To fully fund one of these trusts, you need to ensure that you’ve transferred enough property in to enable the trust to fulfill its mission.

Some different types of irrevocable trusts and their funding needs include:

  • Education trusts to pay for college for a loved one. To be fully funded, it would need to include assets that would be expected to grow to provide enough funds to pay for college expenses.
  • Qualified personal residence trusts are designed to enable a home to pass to loved ones without accruing estate or gift tax liability. To fully fund this type of trust, you need to create a new deed transferring ownership of the home to the trust.
  • Asset protection trusts to safeguard assets from liability in case of lawsuits or other actions. Funding this type of trust is a balancing act – since you may not have access to property transferred into the trust, you will need to leave out enough resources to meet your needs.
  • Special needs trusts to provide benefits for a loved one with special needs. The trust holds property on their behalf so that the property is not counted against them and won’t interfere with their ability to receive benefits such as Medicaid. If the funds in the trust come from assets owned by the beneficiary who has special needs, the trust would be fully funded when it includes enough assets to keep the beneficiary below the resource and income limits for benefits. If the funds in the trust come from a third party, such as a parent, the trust is fully funded when it includes enough assets to meet the anticipated needs of the beneficiary.
  • Asset protection trusts for long-term care to preserve assets while establishing eligibility for Medicaid benefits to cover the cost of long-term care in a nursing home or at home. It may take five years to become eligible for long-term care benefits after establishing the trust, so it is important to leave sufficient assets out to meet needs until that time.
  • Charitable trusts that provide support to a nonprofit organization while also supplying tax benefits to the creator and resources for the trust creator or beneficiaries. Amounts needed to fully fund the trust could vary considerably.

As you can see, trust funding is not a straightforward concept. In many cases, it is a matter of judgment and requires a certain amount of educated guesswork.

Reviewing Trust Funding is a Critical Task

For new trusts as well as trusts that have been in operation for some time, it is a good idea to review trust assets with a legal or financial professional periodically to ensure that the right assets are included to meet the trust’s objectives. As markets rise and fall and laws change, the ability of a trust funding to keep up with trust needs may shift drastically. 

It may be advisable to add more assets to a trust or, in the case of a revocable trust, remove some property from the trust. Your attorney or other professional should help you review ownership of assets that are supposed to be in the trust to ensure that the documentation is correct.
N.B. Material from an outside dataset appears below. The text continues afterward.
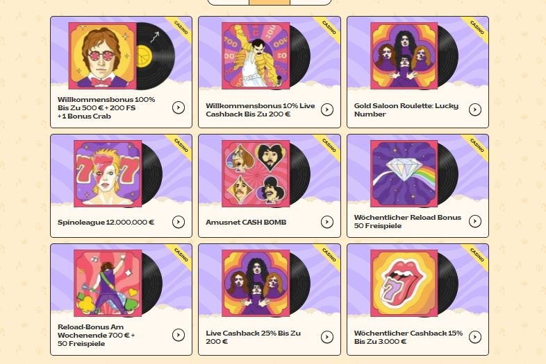 Vinyl Casino beschränkt sich nicht auf einen Willkommensbonus und lässt Bestandskunden danach in der Wüste stehen. Die Aktionsseite zeigt eine ordentliche Auswahl laufender Promotionen, die vor allem Slot-Spieler und Live-Casino-Fans bedienen.

The Nordhaus Firm Can Help You Create or Manage a Trust

Funding and other duties of trust administration can be complicated, and even when you understand what needs to be done, you may not have the time or focus to devote to the task. At The Nordhaus Firm, we can help. We assist with all aspects of trust creation and administration. We know how critical it is to ensure your trust is fully funded, and we would be happy to review your assets to determine whether it might be wise to make some changes.